Under the terms of the company’s registration with the Canadian securities authorities as a “restricted” broker, obtained in April, Bitvo operates on a full reserve basis, meaning it does not lend funds to customers. The company is also registered with FINTRAC as a Money Services Business under the category of Virtual Asset Service Providers.

“Bitvo’s operations have not been impacted and are expected to remain unchanged (by the FTX issues), with trading operations as well as withdrawals and deposits continuing seamlessly,” the company said in a Tuesday statement. .

When the acquisition by FTX was announced in June, the companies said Bitvo’s buying, selling and trading operations would be “integrated with FTX’s global team serving the Canadian market in various capacities.”

The acquisition was expected to close in the third quarter, subject to regulatory approval and customary closing conditions.

Sam Bankman-Fried, the 30-year-old founder of FTX, was quoted in a press release as saying he was “excited” to enter the Canadian market and continue to expand FTX’s global reach.

“Our expansion into Canada is another step in proactively working with cryptocurrency regulators in different regions around the world,” Bankman-Fried said in June.

Regulators in the United States and the Bahamas are now reportedly probing FTX amid allegations that millions of dollars of client money has gone missing and that funds have been diverted to a related trading company owned by Bankman-Fried.

He stepped down as chief executive last week following the meltdown that began with a liquidity crunch that left users unable to access their funds.

Biggest rival exchange Binance Holdings Ltd. canceled a bailout proposal last week. In a November 9 tweet, the largest crypto exchange said it was pulling out of the acquisition of FTX due, in part, to “news reports of mishandled client funds and alleged scam investigations.” ‘US Agencies’.

A red banner at the top of the FTX website On Tuesday, the crypto exchange was unable to process withdrawals and added that the company would “strongly advise against depositing”. The website said all “onboarding” of new customers was suspended until further notice.

FTX’s plummeting fortunes highlighted the exposure to the crypto world of a second major Canadian pension fund.

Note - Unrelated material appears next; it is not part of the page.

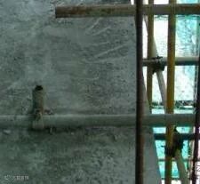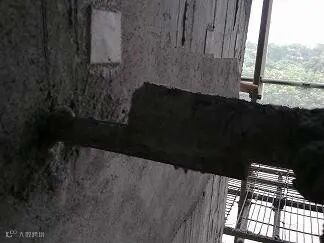 脚手架预埋连墙件错误做法:预埋件安装在结构梁面上,给外墙施工留下渗漏隐患。

The Ontario Teachers’ Pension Plan Board invested US$95 million in FTX in two tranches late last year and early this year. The pension plan manager, which had $242.5 billion in assets at the end of June, said last week that its potential exposure was limited to less than 0.05% of the plan’s total net assets.

In August, the Caisse de depot et placement du Quebec said it had removed a US$150 million investment in failed crypto lender Celsius Network LLC. Caisse chief executive Charles Emond said at the time that the Quebec pension fund was keen to “seize the potential of blockchain technology” and that the investment in Celsius may have been made “too early. in the development of the company.